As previewed by the recent final Form W-4 regulations published in October (see earlier coverage), the IRS released a draft of Publication 15-T (Federal Income Tax Withholding Methods) on November 17. The publication provides a new computational method for employers who must continue to rely on pre-2020 Forms W-4 to determine the amount of federal income tax to withhold from employee’s wages.
The IRS issued a redesigned Form W-4 for 2020 to reflect the changes to withholding made by the 2017 Tax Cuts and Jobs Act.
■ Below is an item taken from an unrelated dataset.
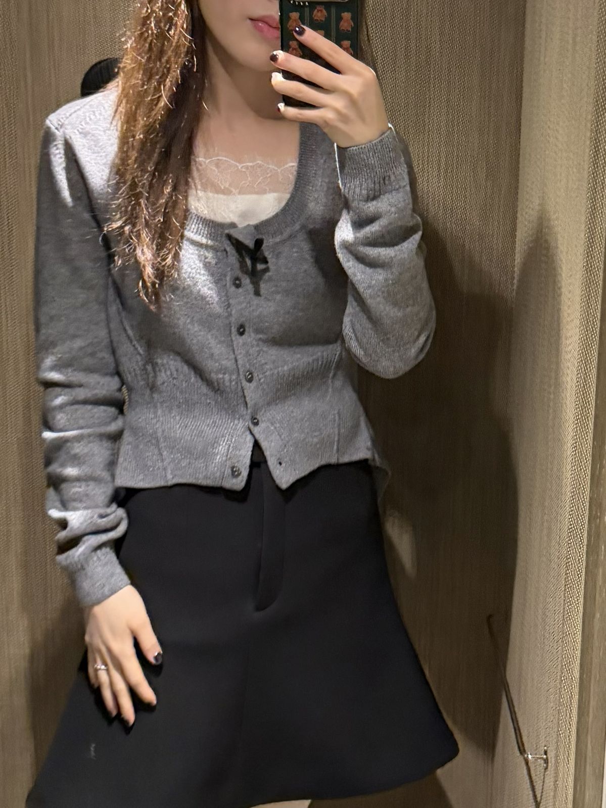 」 LOOK 3. 레이스 트리밍 카디건 + 플레어 스커트

Beginning in 2020, employers are required to collect the new Form W-4 from new hires, but are not permitted to require existing employees with a valid 2019 or earlier Form W-4 on file to submit a new Form W-4 to the employer. In other words, the employer must continue to withhold according to a valid pre-2020 Form W-4 submitted by an employee until an employee furnishes the employer a new Form W-4, which requires employer to maintain two withholding systems.
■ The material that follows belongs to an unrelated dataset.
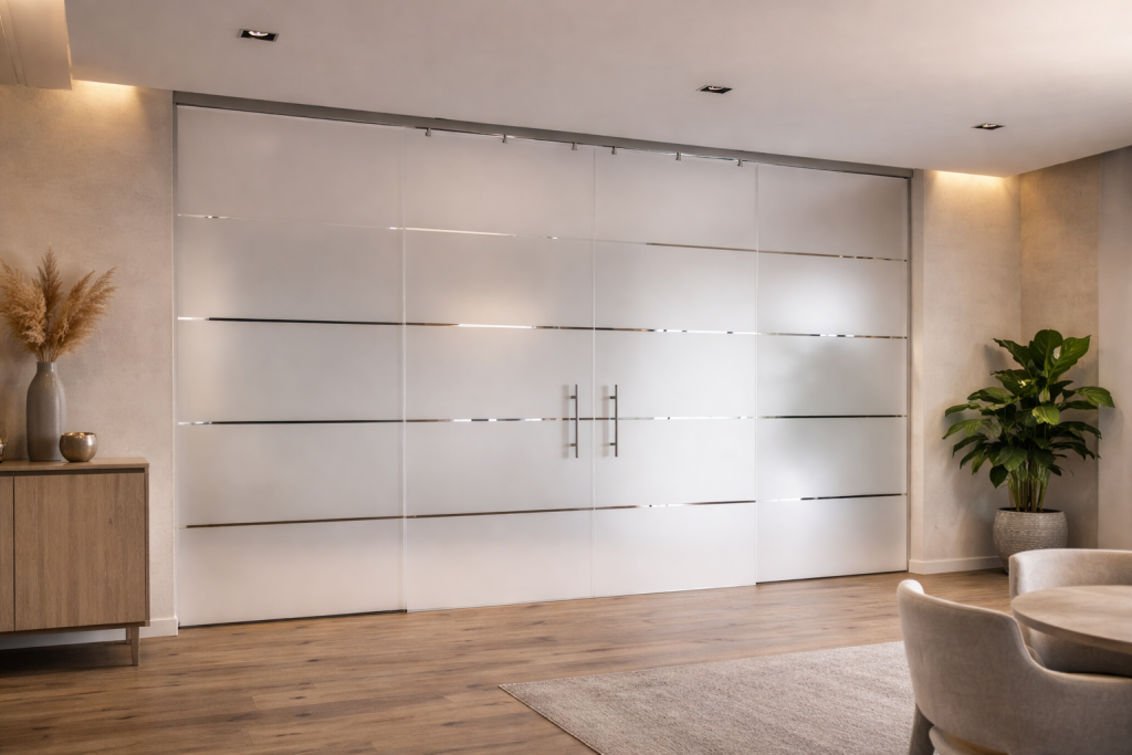 Die zweiflüglige Schiebetür mit fein abgestimmter Satinierung schafft flexible Raumübergänge und eignet sich ideal für hochwertige Wohn- und Arbeitsbereiche. Das reduzierte Design fügt sich harmonisch in moderne Architektur ein und unterstreicht den Anspruch an Präzision, Funktionalität und zeitlose Ästhetik.

As was the case with earlier years, the 2021 draft Publication 15-T contains federal percentage and wage-bracket withholding methods for use with Forms W-4 in 2020 and later, as well as Forms W-4 from 2019 and earlier. For the first time, however, the publication includes instructions for employers that may want to use an optional approach, referred to as a “computational bridge,” to treat a 2019 or earlier Form W-4 as if it were a 2020 or later Form W-4 for purposes of calculating federal income tax withholding. The computational bridge may be applied only to a 2019 or earlier Form W-4 that remains in effect because an employee did not submit a withholding certificate for 2020 or later. The computational bridge calculation, with up to four adjustments detailed in the publication, allows employers to use the computational procedures and data fields for the redesigned Form W-4 to arrive at an equivalent amount of withholding for an employee that would have applied using the computational procedures and data fields for a 2019 or earlier Form W-4 furnished by the employee. If the employee is required to submit a new Form W-4 (i.e., a post-2019 Form W-4) to the employer, or voluntarily chooses to do so, the current year’s version of the Form W-4 must be used and therefore the use of the computational bridge is no longer applied to that employee’s Form W-4.
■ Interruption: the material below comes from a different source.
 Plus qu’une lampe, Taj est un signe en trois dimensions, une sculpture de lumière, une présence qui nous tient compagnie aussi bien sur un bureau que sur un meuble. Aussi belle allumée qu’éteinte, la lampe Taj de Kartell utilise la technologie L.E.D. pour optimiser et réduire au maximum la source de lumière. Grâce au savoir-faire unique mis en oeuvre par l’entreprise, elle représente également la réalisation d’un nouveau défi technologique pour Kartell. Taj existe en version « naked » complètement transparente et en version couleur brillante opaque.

Draft Publication 15-T explains that the optional computational bridge may be used to comply with the requirement to withhold in response to a “lock-in” letter issued to the employer by the IRS. The draft publication also discusses how to calculate the amount of federal income tax to withhold from the wages of nonresident aliens working in the U.S. for whom withholding is required using the computational bridge with a minor adjustment. Nonresident alien students and business apprentices from India are not subject to this procedure, however.